French clothing market has been stable since 2000 with 0.2% CAGR
The actors must gain market share to grow: no organic growth resulting from industry growth
Average prices have decreased by 1.5% CAGR. Price-volume elasticity is high with declines in average prices driven by the pass-through of purchasing gains from lower-cost sourcing (Asia) to end-customers and from the increasing development of value retail.
Pressure on cost, margins are difficult to increase and can only be increased through cost reduction (rather than price increase): price pressure on Baneasa + tough competition + need to keep production cost low (cost cutting and tough negotiation with suppliers)
Womenswear represents the majority of the French market with 51% of sales. It was the strongest growing segment as well as the most competitive and innovative until 2002.
Womenswear is the core business
Menswear has experienced fast growth rates in recent years due to the introduction of semi-annual collections and has increased its share of the total French clothing market (from 31% in 2002 up to 35% in 2004).
Menswear is a new business with high growth so absolute need to be active
Baby and childrenswear are expected to remain broadly stable, with upside coming from increased spend per child and the emerging trend of higher-priced designer baby and childrenswear.
Children wear is a good market with higher consumer spending
Between 2001 and 2003, out-of-town banners saw their market share decline from 11.9% in 2000 to 10.9% in 2003. This reflected the impact of hard discount retailing and the growth of city-centre banners. Since 2003, however, OOT specialised chains have regained share and have returned to 11.7% market share, growing by 3.9% in 2004 and 4.7% in 2005, to €3.1 billion. This dynamism has been driven by new store openings and volume increases supported by increased price-competitiveness.
Potential decline of OOT/inconsistent growth rate: risk.
Specialist out-of-town (OOT) distribution has seen the strongest growth in share (2.3% growth per annum over 2003-05 and 3.2% over 1998-2003) and continues to gain market share on the food retailers and the lower-end city-centre players due to a broad product range and low prices.

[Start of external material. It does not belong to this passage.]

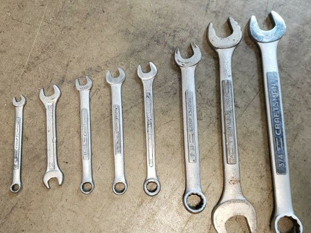Lot of 3/4 in. Craftsman Combination Wrench + Craftsman combo -V- Open End Wrench Forged In USA + 9/16 in. Craftsman Combination Wrench + Great Neck Combination Wrench metric 10mm x 10mm + 3/8 in. Craftsman Combination Wrench + 11/32 in. Craftsman Combination Wrench + Open End Wrench metric 10mm x 11mm + 1/4 in. Craftsman Combination Wrench

Footwear: OOT has a strong growth in share; OOT is where Baneasa is the best with 45% market share (with Osier Chaussures, Velo and Blue Shoes) while the closest competitor has only 10%.
The Spanish footwear market is more dynamic than the French one (3.9% p.a growth since 2000) but experiences the same volume and price trends with volumes up 6.5% p.a while prices decreased by 2.6% p.a largely driven by growing Asian imports. The market is still dominated by independent city centre stores (40% market share vs 15% in France) and OOT footwear is gaining share (8.4% p.a between 1998 and 2003).
Spanish market: active market at the time of the investment (quid now?) but city centres have more market shares than OOT (risk: Baneasa is better in OOT).
Suburban stores are typically large format value stores and account for the great majority of sales and profits, whilst city centre stores are more fashionable premium stores.
OOT stores need high volume sales to be profitable // city centres are more fashionable products so potentially higher margins although probably higher costs (including marketing costs)
Over 2003-06, gross margin has grown at a 9.5% CAGR and EBITDA at 16.4% CAGR while sales CAGR was 5.8%, of which like-for-like sales growth of 3.7%.
Indicates that Baneasa has grown organically and by acquisitions but acquisitions are the main growth factor.